Despite the international outrage and the purported shock and sympathy of the Israeli government, we must contextualize this attack in order to correctly understand where to place it on our timeline of events.
The Netanyahu government that is today denouncing the brutal murder of innocent Ali Dawabsheh as an individual act of terrorism is the same government that invaded Gaza last summer and killed over 500 Palestinian children, with no remorse nor retribution.
Israel has framed this incident as being radical and extreme, while the ongoing military occupation of the West Bank where Palestinian civilians are detained and killed on a daily basis, and the siege and violence against Palestinians in Gaza are not viewed in the same light.
According to Hugh Lovatt, the Israel/Palestine Project Coordinator for the European Council on Foreign Relation's Middle East and North Africa Program, Israel has managed to prioritize and protect its bilateral relations with EU member states and the US as being superior to any disagreement on the Palestine issue.

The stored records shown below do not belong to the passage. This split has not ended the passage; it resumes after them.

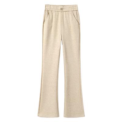 Womens Fustl Pants Solid Color Split Hem Flared Knit Sports Pants Women Pants Light-Khaki IZ0599
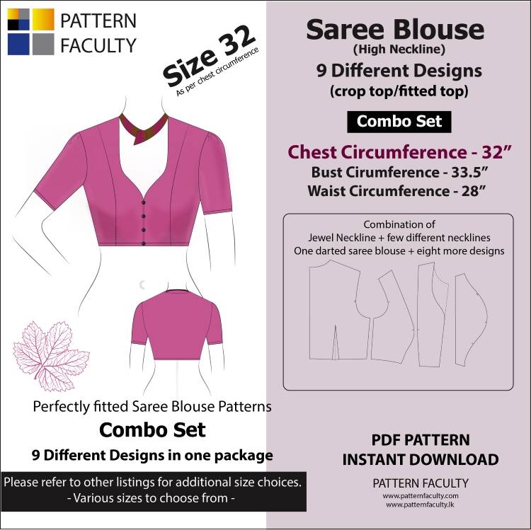 Saree Blouses – High Neckline – 9 Different styles (cuts) Size 32.
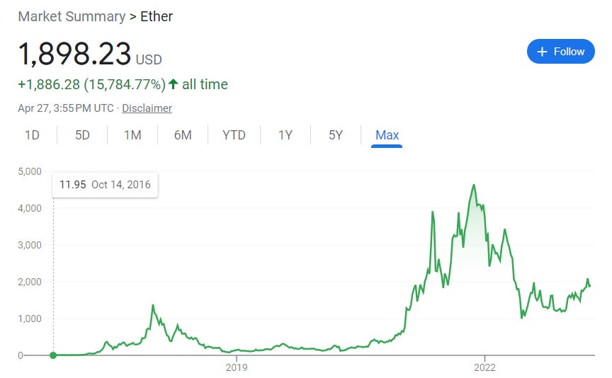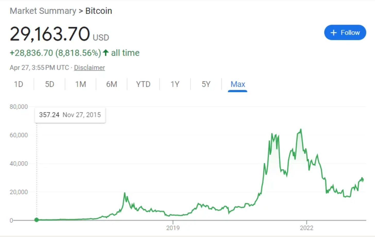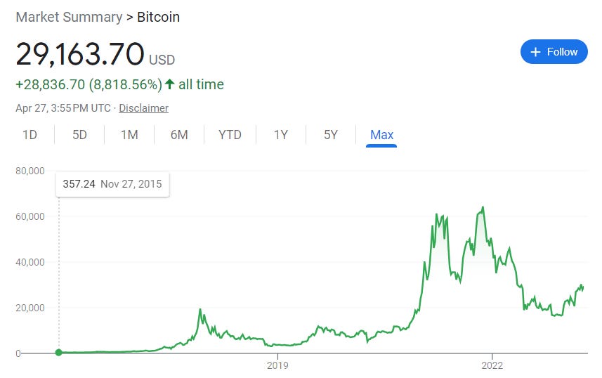 Bitcoin’s first transaction was used for two Papa John’s pizzas. Its initial value was less than a penny ($0.0008 USD), hit $0.08 USD by the end of the month, and grew to more than $68,000 at its peak. At the time I write this, Bitcoin is sitting at $29,163.70.
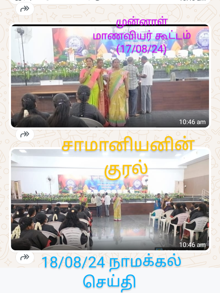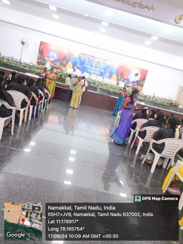 More than 400 students took part. This programme was arranged by the present faculty as well as old students of the College Mrs. G. Nithya, Ms. P. Madhupriya & Ms. P. Dhanushiya (Commerce), Ms. M. Rekha, Mrs. P. Abirami and Ms. R. Midhuna (English), Mrs. V.Gokila, Mrs. S. Madhukaraveni and Mrs. A. Thenmozhi (Mathematics), Mrs. K. Saranya, Mrs. P. Gowthami and Mrs. S. Sandhiya (Physics), Ms. M. Rineesha and Ms. K.L. Priyadharshini (Chemistry), Mrd. D. Prabha. Mrs. V. Gayathri and Mrs. M. Kiruthika (Computer Science), Ms. R. Saranyadevi (Costume Design and Fashion) and Mrs. P. Sathiya, Assistant Librarian.
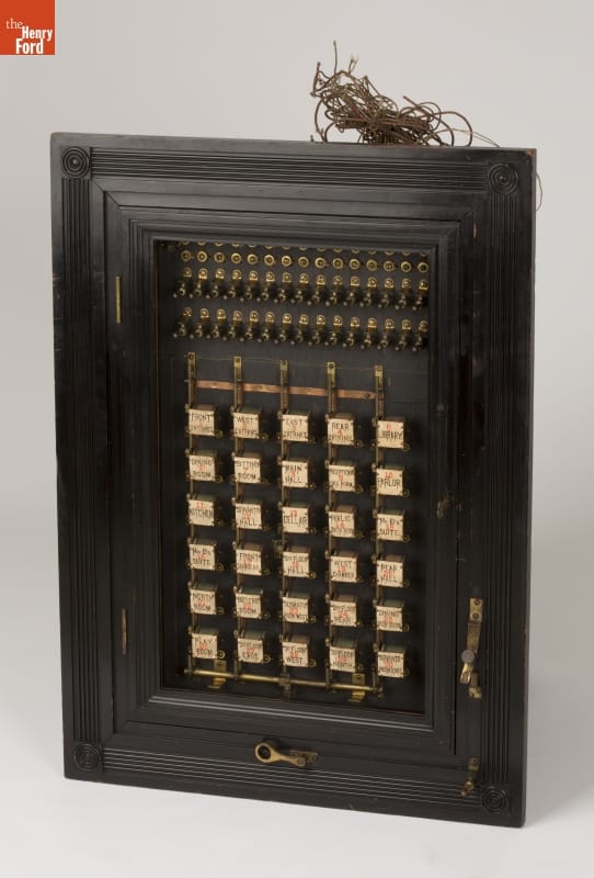 Annunciators were call systems that alerted servants to the needs of the household in which they worked. Each room contained a button to trigger the annunciator housed in servant's quarters. Primitive 18th-century bell systems evolved with the rise of battery power, telegraphy, and home electrification. This device was from the Charles F. Brush mansion, inventor of the arc lamp.

The US and Europe, says Lovatt, “have fed a sense of Israeli impunity in which its behavior towards Palestinians incurs no real consequences at the level of its international relations.” This attitude, he added, “has therefore translated into Israeli impunity for settlers.”
Over the past few years, Israeli civilians have set fire to dozens of Palestinian homes, mosques, churches, businesses, agricultural land and olive trees, and vehicles in the West Bank, with at least nine homes being set ablaze since August 2012, according to Israeli human rights group, Btselem. The vast majority of the assaults were either never investigated nor solved, whereas, a Palestinian child who throws a stone now faces up to 20 years in prison.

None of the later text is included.